_Task item_
Reproduce exactly the lines from the start of the records through the line containing "あわせて、HubSpotの画", both included. Leave the pictures out.

_Task material_
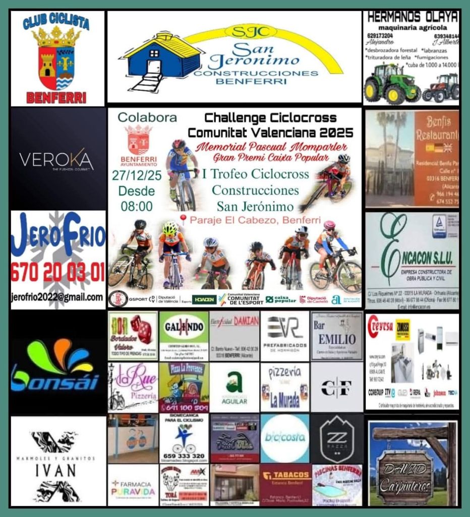 Benferri y Orihuela despiden este fin de semana la temporada de Ciclocross en la Comunidad Valenciana. Este sabado desde las 8:30 horas, organizado por el Club Ciclista Benferri, se disputa el I Trofeo Ciclocross Construcciones San Jeronimo en la localidad de la Vega Baja.
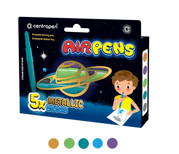 - foukací fixy na bílý i tmavý papír- metalické inkousty- zdravotně nezávadný inkoust- 5 barevných odstínů- 1 šablona (součást obalu)
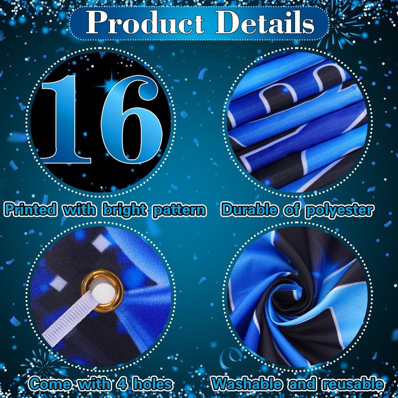 - Unique Design:The 16th birthday banner is printed with "Happy 16th Birthday", "Balloons", "Five-pointed Stars", "Colored Lights", highlighting the theme and creating a unique birthday party. There are four colors on the 16th birthday balloons, including black, dark blue, light blue and sequins, and the balloons are also printed with "Happy 16th Birthday".
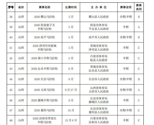日前,中国田径协会正式发布《关于公布2026年马拉松赛事目录的通知》,2026年全国预计将举办492场马拉松赛事,包括254场A类赛事、67场B类赛事及171场C类赛事。根据目录显示,2026年,山西省将举办13场马拉松赛事,覆盖了8个地级市。
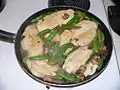 Mushrooms and peas are finished frying!
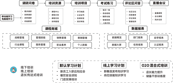 对连锁餐饮企业而言,人力资源统治并不光仅是入转调离、排班考勤、薪资核算等,尚有最主要的培训与考察,而它们相干着员工提拔及员工晋升。基于培训、调查数字化,企业能够实行特别身手培训、门店自检流程、认证配方、门店运营统治、职级晋升提拔等百种课时的E-learning进修商城实质,涵盖了门店夙昔台到后端,从一线到总部,全部的运营课程及相应的调查体例。
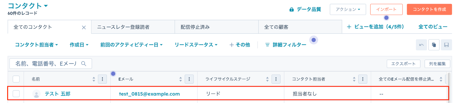 あわせて、HubSpotの画面を開き、指定した内容でコンタクトが実際に作成されているかを確認してみましょう。 今回は下記の通り作成されていました!
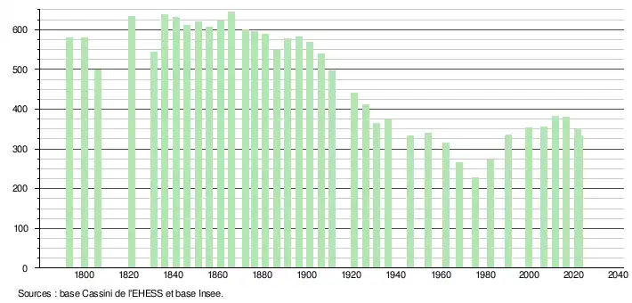 L'évolution du nombre d'habitants est connue à travers les recensements de la population effectués dans la commune depuis 1793. Pour les communes de moins de 10 000 habitants, une enquête de recensement portant sur toute la population est réalisée tous les cinq ans, les populations de référence des années intermédiaires étant quant à elles estimées par interpolation ou extrapolation[19]. Pour la commune, le premier recensement exhaustif entrant dans le cadre du nouveau dispositif a été réalisé en 2006[20].
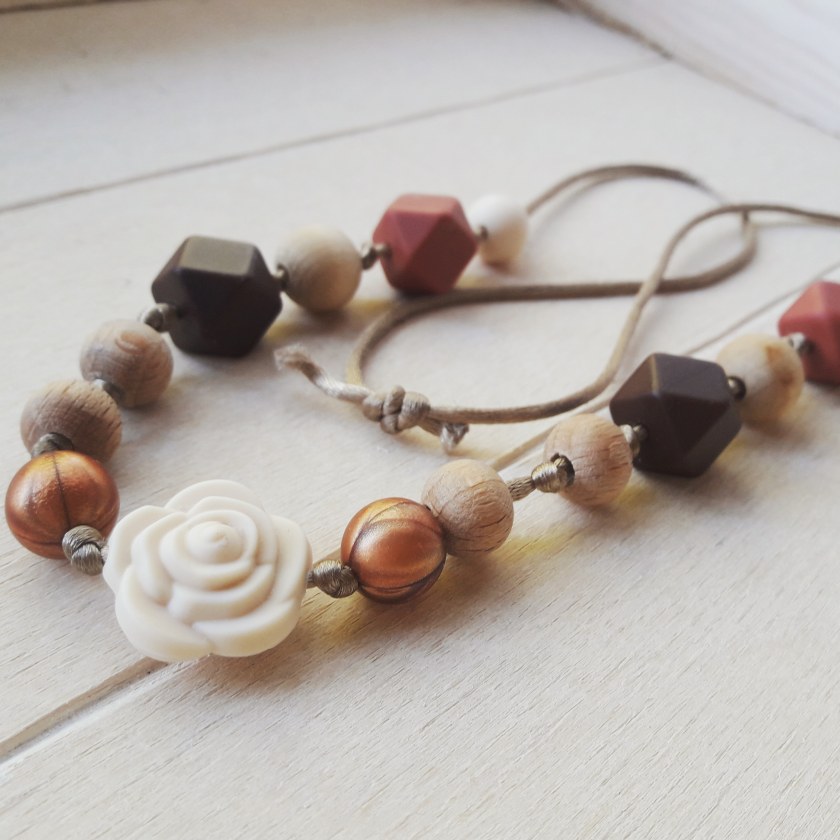 Mooie neutrale kleuren maken deze ketting makkelijk te combineren. Ik heb helemaal niet het gevoel dat ik speelgoed om heb. Mijn dochter dan weer wel. Ik koos veel verschillende vormen, kleuren en maten zodat het voor haar interessant is om te ontdekken.
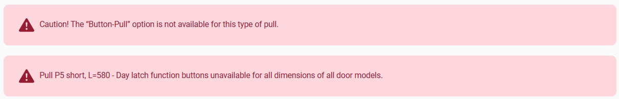 Каждая дверь может быть расширена дополнительными опциями. Большинство из них будут показаны на визуализации слева. Доступность и видимость опций автоматически меняются в зависимости от введенной конфигурации.

_Result_
 Benferri y Orihuela despiden este fin de semana la temporada de Ciclocross en la Comunidad Valenciana. Este sabado desde las 8:30 horas, organizado por el Club Ciclista Benferri, se disputa el I Trofeo Ciclocross Construcciones San Jeronimo en la localidad de la Vega Baja.
 - foukací fixy na bílý i tmavý papír- metalické inkousty- zdravotně nezávadný inkoust- 5 barevných odstínů- 1 šablona (součást obalu)
 - Unique Design:The 16th birthday banner is printed with "Happy 16th Birthday", "Balloons", "Five-pointed Stars", "Colored Lights", highlighting the theme and creating a unique birthday party. There are four colors on the 16th birthday balloons, including black, dark blue, light blue and sequins, and the balloons are also printed with "Happy 16th Birthday".
日前,中国田径协会正式发布《关于公布2026年马拉松赛事目录的通知》,2026年全国预计将举办492场马拉松赛事,包括254场A类赛事、67场B类赛事及171场C类赛事。根据目录显示,2026年,山西省将举办13场马拉松赛事,覆盖了8个地级市。
 Mushrooms and peas are finished frying!
 对连锁餐饮企业而言,人力资源统治并不光仅是入转调离、排班考勤、薪资核算等,尚有最主要的培训与考察,而它们相干着员工提拔及员工晋升。基于培训、调查数字化,企业能够实行特别身手培训、门店自检流程、认证配方、门店运营统治、职级晋升提拔等百种课时的E-learning进修商城实质,涵盖了门店夙昔台到后端,从一线到总部,全部的运营课程及相应的调查体例。
 あわせて、HubSpotの画面を開き、指定した内容でコンタクトが実際に作成されているかを確認してみましょう。 今回は下記の通り作成されていました!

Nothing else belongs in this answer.